Data:
____________________
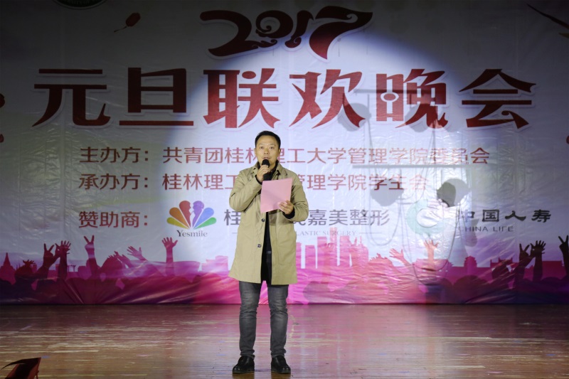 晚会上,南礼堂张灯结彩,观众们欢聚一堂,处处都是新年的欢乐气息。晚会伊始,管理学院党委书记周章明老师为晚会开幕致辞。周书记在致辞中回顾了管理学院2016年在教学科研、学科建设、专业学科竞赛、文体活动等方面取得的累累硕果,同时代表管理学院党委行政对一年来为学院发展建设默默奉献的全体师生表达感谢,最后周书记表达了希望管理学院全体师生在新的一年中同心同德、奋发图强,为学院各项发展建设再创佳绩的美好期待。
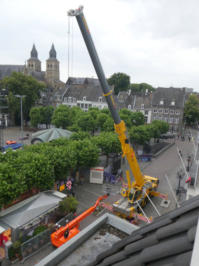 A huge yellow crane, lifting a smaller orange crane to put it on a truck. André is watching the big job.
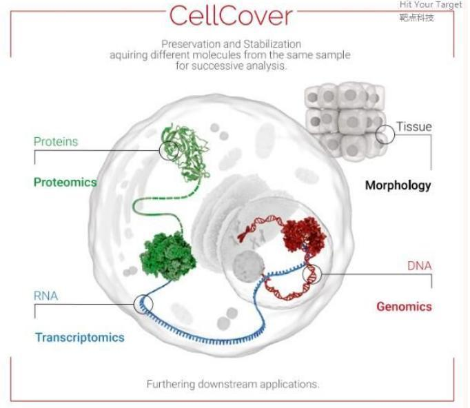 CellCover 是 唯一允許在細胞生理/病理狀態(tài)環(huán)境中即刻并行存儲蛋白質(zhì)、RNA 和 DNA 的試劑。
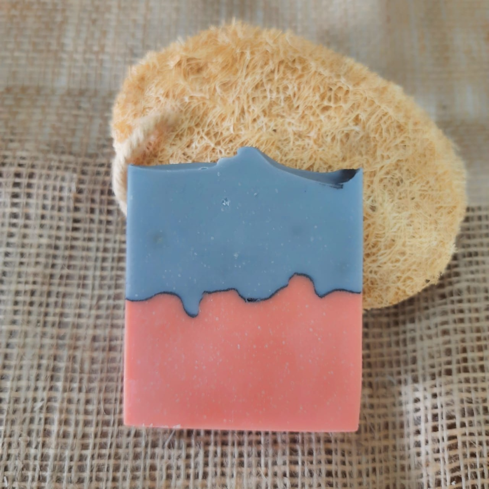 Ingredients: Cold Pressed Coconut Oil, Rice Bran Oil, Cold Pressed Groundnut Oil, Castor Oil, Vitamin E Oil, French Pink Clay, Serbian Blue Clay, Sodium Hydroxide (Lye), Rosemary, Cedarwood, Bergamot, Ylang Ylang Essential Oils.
____________________
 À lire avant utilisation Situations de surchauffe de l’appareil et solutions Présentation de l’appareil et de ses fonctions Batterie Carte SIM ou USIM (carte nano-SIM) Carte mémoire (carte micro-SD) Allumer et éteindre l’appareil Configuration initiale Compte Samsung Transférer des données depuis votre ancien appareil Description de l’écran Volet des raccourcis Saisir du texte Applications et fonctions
____________________
Problem: Reproduce the data above exactly, but only from the line containing "A huge yellow" through the line containing "Ingredients: Cold Pressed"; skip the pictures.

Answer:
 A huge yellow crane, lifting a smaller orange crane to put it on a truck. André is watching the big job.
 CellCover 是 唯一允許在細胞生理/病理狀態(tài)環(huán)境中即刻并行存儲蛋白質(zhì)、RNA 和 DNA 的試劑。
 Ingredients: Cold Pressed Coconut Oil, Rice Bran Oil, Cold Pressed Groundnut Oil, Castor Oil, Vitamin E Oil, French Pink Clay, Serbian Blue Clay, Sodium Hydroxide (Lye), Rosemary, Cedarwood, Bergamot, Ylang Ylang Essential Oils.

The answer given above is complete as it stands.